# [MATERIAL TO PROCESS]
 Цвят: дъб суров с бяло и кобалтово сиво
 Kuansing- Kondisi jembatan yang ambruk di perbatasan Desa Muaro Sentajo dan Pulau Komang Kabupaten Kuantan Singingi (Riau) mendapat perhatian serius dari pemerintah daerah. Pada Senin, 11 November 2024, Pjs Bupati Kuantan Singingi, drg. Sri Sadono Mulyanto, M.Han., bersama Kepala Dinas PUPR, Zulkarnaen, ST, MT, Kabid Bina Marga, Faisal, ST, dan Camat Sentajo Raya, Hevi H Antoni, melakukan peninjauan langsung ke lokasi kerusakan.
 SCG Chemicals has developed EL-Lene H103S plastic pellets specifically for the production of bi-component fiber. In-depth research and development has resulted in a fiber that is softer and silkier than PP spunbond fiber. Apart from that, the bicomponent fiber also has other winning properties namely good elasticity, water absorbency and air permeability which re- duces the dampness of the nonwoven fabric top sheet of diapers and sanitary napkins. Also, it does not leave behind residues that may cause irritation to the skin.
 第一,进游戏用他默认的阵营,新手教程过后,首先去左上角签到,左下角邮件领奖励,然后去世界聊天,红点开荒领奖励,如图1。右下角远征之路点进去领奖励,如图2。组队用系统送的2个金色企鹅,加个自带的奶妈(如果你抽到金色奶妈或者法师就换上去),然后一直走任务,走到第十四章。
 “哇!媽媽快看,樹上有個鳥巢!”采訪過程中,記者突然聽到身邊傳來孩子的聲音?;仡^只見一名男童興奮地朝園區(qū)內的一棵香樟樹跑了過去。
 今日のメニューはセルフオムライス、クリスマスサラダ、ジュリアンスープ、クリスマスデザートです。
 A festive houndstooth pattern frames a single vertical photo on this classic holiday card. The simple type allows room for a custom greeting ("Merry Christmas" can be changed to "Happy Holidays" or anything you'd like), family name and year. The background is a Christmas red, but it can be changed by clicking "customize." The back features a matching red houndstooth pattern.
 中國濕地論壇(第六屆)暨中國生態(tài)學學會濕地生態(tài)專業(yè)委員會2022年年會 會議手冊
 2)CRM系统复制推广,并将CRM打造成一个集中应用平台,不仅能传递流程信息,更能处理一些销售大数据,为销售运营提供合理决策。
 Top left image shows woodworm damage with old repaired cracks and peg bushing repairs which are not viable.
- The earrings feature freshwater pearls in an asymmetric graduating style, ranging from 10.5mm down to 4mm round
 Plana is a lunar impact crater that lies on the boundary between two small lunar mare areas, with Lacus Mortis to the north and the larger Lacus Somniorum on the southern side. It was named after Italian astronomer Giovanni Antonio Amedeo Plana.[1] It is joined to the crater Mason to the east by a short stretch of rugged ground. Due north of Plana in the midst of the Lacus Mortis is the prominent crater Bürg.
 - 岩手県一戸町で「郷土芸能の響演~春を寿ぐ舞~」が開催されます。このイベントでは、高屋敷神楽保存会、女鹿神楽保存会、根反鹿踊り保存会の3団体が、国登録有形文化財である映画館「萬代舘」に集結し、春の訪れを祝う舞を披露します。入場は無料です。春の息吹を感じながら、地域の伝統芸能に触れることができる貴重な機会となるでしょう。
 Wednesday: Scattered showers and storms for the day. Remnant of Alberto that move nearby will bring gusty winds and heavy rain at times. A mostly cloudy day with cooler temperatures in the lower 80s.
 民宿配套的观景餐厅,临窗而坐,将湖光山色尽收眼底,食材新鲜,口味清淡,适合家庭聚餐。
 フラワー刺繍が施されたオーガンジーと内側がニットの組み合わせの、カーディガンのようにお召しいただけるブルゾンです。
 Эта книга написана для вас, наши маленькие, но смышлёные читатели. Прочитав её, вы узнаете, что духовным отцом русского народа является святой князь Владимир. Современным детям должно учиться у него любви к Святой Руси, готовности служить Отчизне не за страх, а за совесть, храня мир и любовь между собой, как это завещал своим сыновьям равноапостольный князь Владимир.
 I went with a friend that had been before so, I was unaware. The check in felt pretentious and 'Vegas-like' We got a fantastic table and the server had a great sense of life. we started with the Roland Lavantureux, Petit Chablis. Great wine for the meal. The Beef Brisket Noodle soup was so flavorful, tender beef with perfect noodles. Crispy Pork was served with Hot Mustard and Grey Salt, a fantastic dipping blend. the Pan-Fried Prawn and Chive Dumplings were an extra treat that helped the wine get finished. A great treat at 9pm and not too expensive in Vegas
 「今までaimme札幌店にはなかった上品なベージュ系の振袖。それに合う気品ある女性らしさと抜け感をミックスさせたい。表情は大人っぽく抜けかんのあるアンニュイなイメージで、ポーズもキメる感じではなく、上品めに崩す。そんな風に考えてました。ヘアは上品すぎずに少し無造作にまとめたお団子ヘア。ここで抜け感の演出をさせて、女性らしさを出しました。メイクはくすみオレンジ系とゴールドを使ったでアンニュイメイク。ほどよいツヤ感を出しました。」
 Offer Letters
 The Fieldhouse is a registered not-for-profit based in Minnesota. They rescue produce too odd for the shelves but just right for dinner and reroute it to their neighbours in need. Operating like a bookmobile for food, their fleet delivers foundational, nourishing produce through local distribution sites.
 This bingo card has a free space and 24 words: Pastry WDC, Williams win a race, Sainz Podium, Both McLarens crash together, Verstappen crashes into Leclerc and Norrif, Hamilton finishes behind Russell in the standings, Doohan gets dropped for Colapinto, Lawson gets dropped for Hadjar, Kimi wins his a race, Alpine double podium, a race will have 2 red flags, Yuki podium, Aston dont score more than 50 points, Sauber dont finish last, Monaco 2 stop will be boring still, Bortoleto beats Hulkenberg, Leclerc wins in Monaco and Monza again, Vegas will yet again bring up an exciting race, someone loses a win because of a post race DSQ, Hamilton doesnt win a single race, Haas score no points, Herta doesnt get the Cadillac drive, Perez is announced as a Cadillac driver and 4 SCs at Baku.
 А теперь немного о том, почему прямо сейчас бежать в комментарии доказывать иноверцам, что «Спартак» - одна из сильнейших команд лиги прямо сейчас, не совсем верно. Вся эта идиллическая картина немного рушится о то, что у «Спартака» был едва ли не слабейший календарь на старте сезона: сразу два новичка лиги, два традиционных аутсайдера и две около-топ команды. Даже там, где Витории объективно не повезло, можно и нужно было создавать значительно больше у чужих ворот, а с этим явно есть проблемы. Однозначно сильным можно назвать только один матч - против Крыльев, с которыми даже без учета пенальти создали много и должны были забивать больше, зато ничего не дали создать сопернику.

# [WORK REQUIRED]
Above this instruction are the records; retype exactly the lines from the one containing "The Fieldhouse is" up to and including the one containing "This bingo card".

# [RESPONSE TO THIS TASK]
 The Fieldhouse is a registered not-for-profit based in Minnesota. They rescue produce too odd for the shelves but just right for dinner and reroute it to their neighbours in need. Operating like a bookmobile for food, their fleet delivers foundational, nourishing produce through local distribution sites.
 This bingo card has a free space and 24 words: Pastry WDC, Williams win a race, Sainz Podium, Both McLarens crash together, Verstappen crashes into Leclerc and Norrif, Hamilton finishes behind Russell in the standings, Doohan gets dropped for Colapinto, Lawson gets dropped for Hadjar, Kimi wins his a race, Alpine double podium, a race will have 2 red flags, Yuki podium, Aston dont score more than 50 points, Sauber dont finish last, Monaco 2 stop will be boring still, Bortoleto beats Hulkenberg, Leclerc wins in Monaco and Monza again, Vegas will yet again bring up an exciting race, someone loses a win because of a post race DSQ, Hamilton doesnt win a single race, Haas score no points, Herta doesnt get the Cadillac drive, Perez is announced as a Cadillac driver and 4 SCs at Baku.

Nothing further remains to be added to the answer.